その後、ランダムに質問や感想をもらいました。裁判で住民側は何を求めているか、何を持って目的が達成された(=勝利)と思うか。URが宣伝している多摩平の団地再生の事例を聞いていたので、この映画で取り上げられていることは、URの表向きの姿とはだいぶ違うと思った。自治会はどうなのか。あっせんの具体的な内容は。高幡台団地の規模は。他団地の事例は参考にしたのか等々。(参考にした他団地の名前を当日ど忘れしてしまいましたが、73号棟の建物とよく似た構造の、横浜にある「UR奈良北団地」の耐震改修でした)

質問を聞きながら、映画で伝えたいメッセージが理解された上で質問をしているということが伝わってきました。また、質問は建物に関することが中心になるかなと思っていましたが、実際は映画作りに関わるような質問も沢山頂いて、文系と理系が普通に入り混じっているような感じでした! これは珍しいことではないでしょうか? 

例えば、エンディングのクレジットで、ドキュメンタリー映画なのに「登場人物」と書いてあるのはなぜか、欲しい映像を撮るための”演出”はどこまで許されると思うか・・・なんていう質問まで出たのです。

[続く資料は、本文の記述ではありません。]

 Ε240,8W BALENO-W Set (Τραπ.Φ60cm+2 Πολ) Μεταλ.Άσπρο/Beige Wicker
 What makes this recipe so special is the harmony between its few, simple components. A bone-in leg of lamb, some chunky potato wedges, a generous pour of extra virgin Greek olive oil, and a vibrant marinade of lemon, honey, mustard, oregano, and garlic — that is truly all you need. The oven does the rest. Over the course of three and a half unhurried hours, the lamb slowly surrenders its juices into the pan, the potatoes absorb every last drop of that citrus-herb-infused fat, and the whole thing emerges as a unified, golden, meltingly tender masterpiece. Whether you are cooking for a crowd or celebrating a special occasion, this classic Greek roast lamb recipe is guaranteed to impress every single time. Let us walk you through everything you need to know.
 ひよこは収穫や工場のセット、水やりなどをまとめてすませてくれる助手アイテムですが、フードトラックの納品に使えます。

一通りの質問の後で、今度は一人ずつ自己紹介と映画の感想をもらいました。名前と、所属と、そして出身地・・・。出身地は別に言わなくても?と思いましたが、実際聞いて見ると、確かに出身地の環境も考え方に影響を及ぼすので、なるほどと思いました。

大学院レベルで建築を学ぶというと、もちろん大学では建築を専攻した人たちだと思っていたのですが、実はかなり多様なバックグラウンドを持った人たちが学んでいるのでした。幼少期を海外で過ごし、今は建築を学んでいるけれど、将来は演劇の道に進みたいという人。美大を卒業後に大学院で建築を学ぶ人。育った場所には団地のような集合住宅はあまりなかったという人。中国からの留学生。大学では民俗学(多分?うろ覚えsweat01)を学んでいたという人等々。

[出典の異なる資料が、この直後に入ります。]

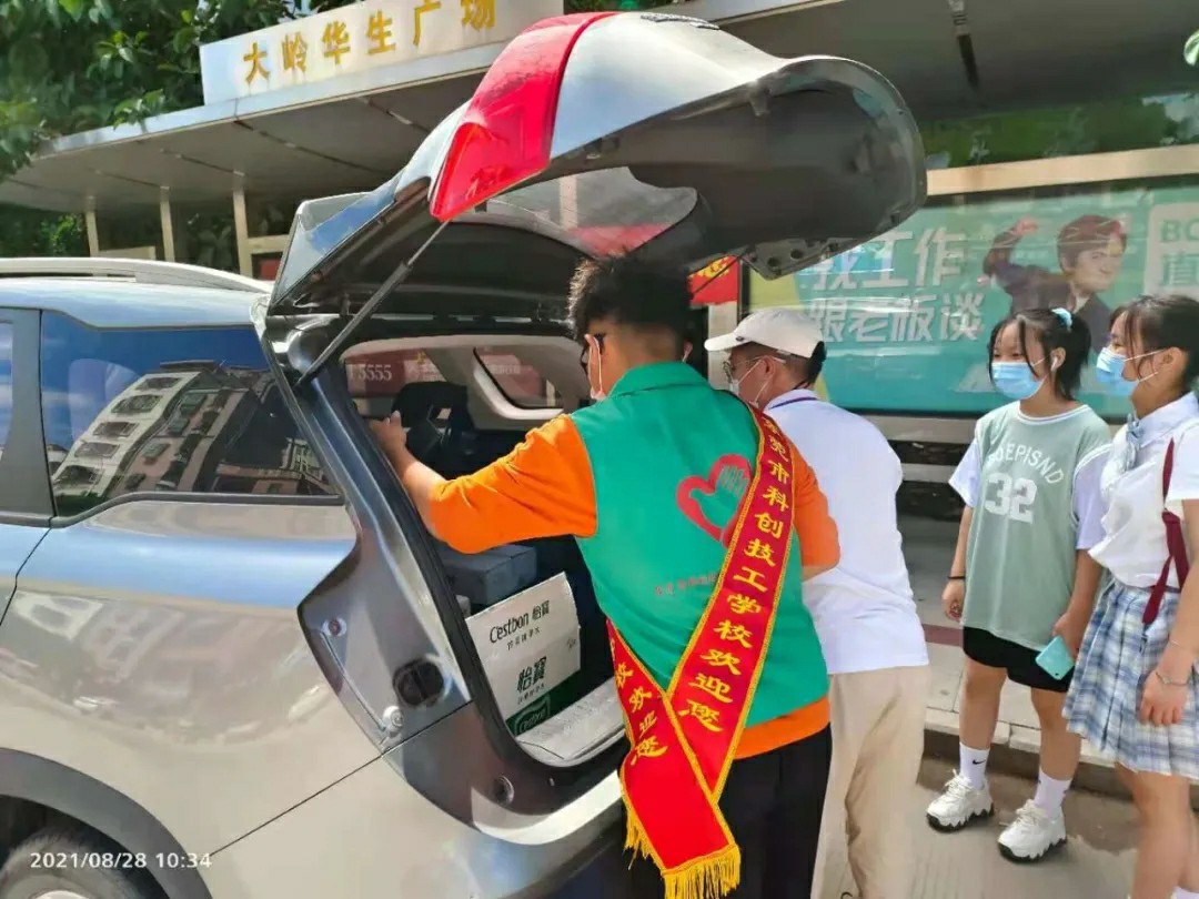 今年,我校依旧在大岭山华生广场设置迎新点,安排了老师和志愿者迎接各地的新生及家长。
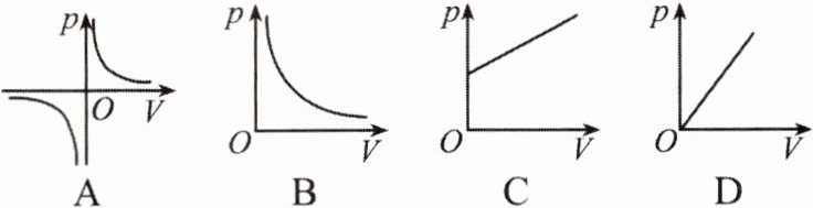 2. 某气球内充满了一定质量 m 的气体,当温度不变时,气球内的气压 p(单位:kPa)是气体体积 V(单位:m^3)的反比例函数,p = $\frac{m}{V}$.能够反映两个变量 p 和 V 函数关系的图象是(

それぞれの人の感想は、それぞれのバックグラウンドから来る質問が多くて、それも興味深かったです。例えば、美大で学んだ人は、私の映画を見て、住民の人たちの部屋の様子にとても興味を持ったようでした。各住民の部屋はそれぞれ全く同じ間取りのはずなのに、40年も暮らすと、まるで別の住まいのように見えます。それを私は「40年かけて作る小宇宙」と勝手に命名しているのですがhappy01、グラフィックデザインなどに興味のある人には、彼らの部屋が醸し出す圧倒的な生活感は、面白いのでしょうね。

また、中国からの留学生からは「中国では公共事業が優先される。国が道路を作りたいといったら、立ち退かせられる。その代わりに別の土地や家をもらって、それで生活していける」と話していました。(ちなみに、彼の研究テーマは人間の行動心理などだそうで、例えば「休憩室を作っても、あまり使われないのはなぜか?」、「斜めの床で生活するとどうなるのか?」などを研究しているそうです。つくづく、”建築”とひとくくりにはできないほど、建築の分野は多様なのだ、と実感)。

また、映画の内容とは直接関係ありませんが、自治会やコミュニティーについて話題となったとき、文系出身の人から「建築に関わる人たちは、やたら”コミュニティ”という言葉を使いたがる。この言葉はちょっと使われすぎ。人が集まれるスペースを作れば、”コミュニティ”は自動で生まれるかのように思っているふしがある」という発言も出ました。確かに、特にこの高齢化社会が進んで、しかも震災が起きてからは”コミュニティ”という言葉が、実態からかけ離れて、万能な解決策のように使われていますよね。

文系からも大学院で建築に進む人がいるというのは衝撃でしたが、文系や理系という垣根を越えて活動する人が増えたら、それはより実社会の感覚に近くなれるでしょうし、良い結果を生むのではないでしょうか? この日のディスカッションで、そんなことを考えました。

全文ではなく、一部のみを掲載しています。